**REQUIRED WORK:** Begin your copy at the line with "Favorite this☆ Wooden" in the records below and end it at the line with "6.12.1 Buy Stamford", restating each line word for word; omit the pictures.
Start of DATA EXTRACT
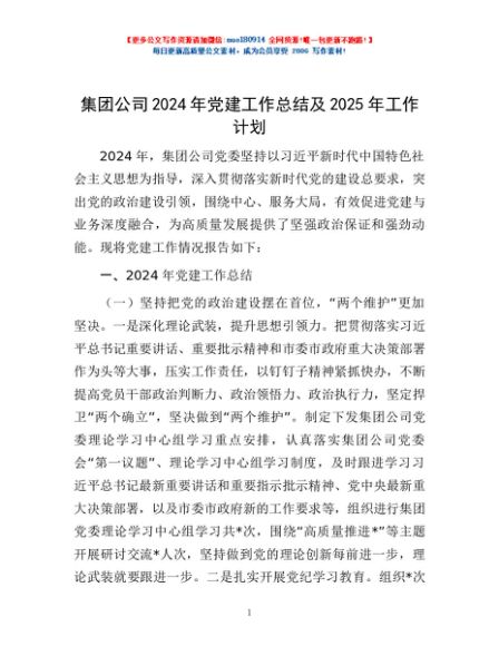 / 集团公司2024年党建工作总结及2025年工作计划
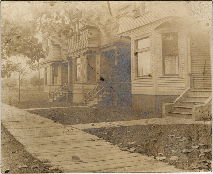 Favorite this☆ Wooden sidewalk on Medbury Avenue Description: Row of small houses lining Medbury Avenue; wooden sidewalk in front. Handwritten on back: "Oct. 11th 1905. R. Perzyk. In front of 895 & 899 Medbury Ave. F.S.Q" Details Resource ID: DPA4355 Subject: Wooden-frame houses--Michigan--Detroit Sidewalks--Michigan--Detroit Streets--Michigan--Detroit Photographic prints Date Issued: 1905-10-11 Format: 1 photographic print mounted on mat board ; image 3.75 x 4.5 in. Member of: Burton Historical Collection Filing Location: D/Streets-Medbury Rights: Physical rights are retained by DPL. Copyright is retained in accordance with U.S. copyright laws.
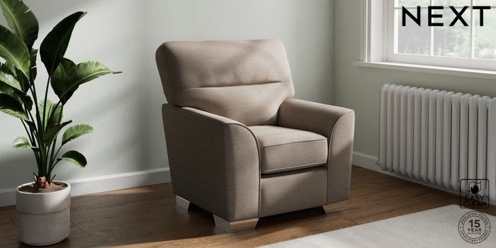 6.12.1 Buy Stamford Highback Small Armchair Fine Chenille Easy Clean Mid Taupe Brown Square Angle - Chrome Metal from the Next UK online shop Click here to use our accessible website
End of DATA EXTRACT
Start of DATA EXTRACT
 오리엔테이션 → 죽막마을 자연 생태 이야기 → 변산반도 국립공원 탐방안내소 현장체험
End of DATA EXTRACT
**RESULT OF THIS EXERCISE:**
 Favorite this☆ Wooden sidewalk on Medbury Avenue Description: Row of small houses lining Medbury Avenue; wooden sidewalk in front. Handwritten on back: "Oct. 11th 1905. R. Perzyk. In front of 895 & 899 Medbury Ave. F.S.Q" Details Resource ID: DPA4355 Subject: Wooden-frame houses--Michigan--Detroit Sidewalks--Michigan--Detroit Streets--Michigan--Detroit Photographic prints Date Issued: 1905-10-11 Format: 1 photographic print mounted on mat board ; image 3.75 x 4.5 in. Member of: Burton Historical Collection Filing Location: D/Streets-Medbury Rights: Physical rights are retained by DPL. Copyright is retained in accordance with U.S. copyright laws.
 6.12.1 Buy Stamford Highback Small Armchair Fine Chenille Easy Clean Mid Taupe Brown Square Angle - Chrome Metal from the Next UK online shop Click here to use our accessible website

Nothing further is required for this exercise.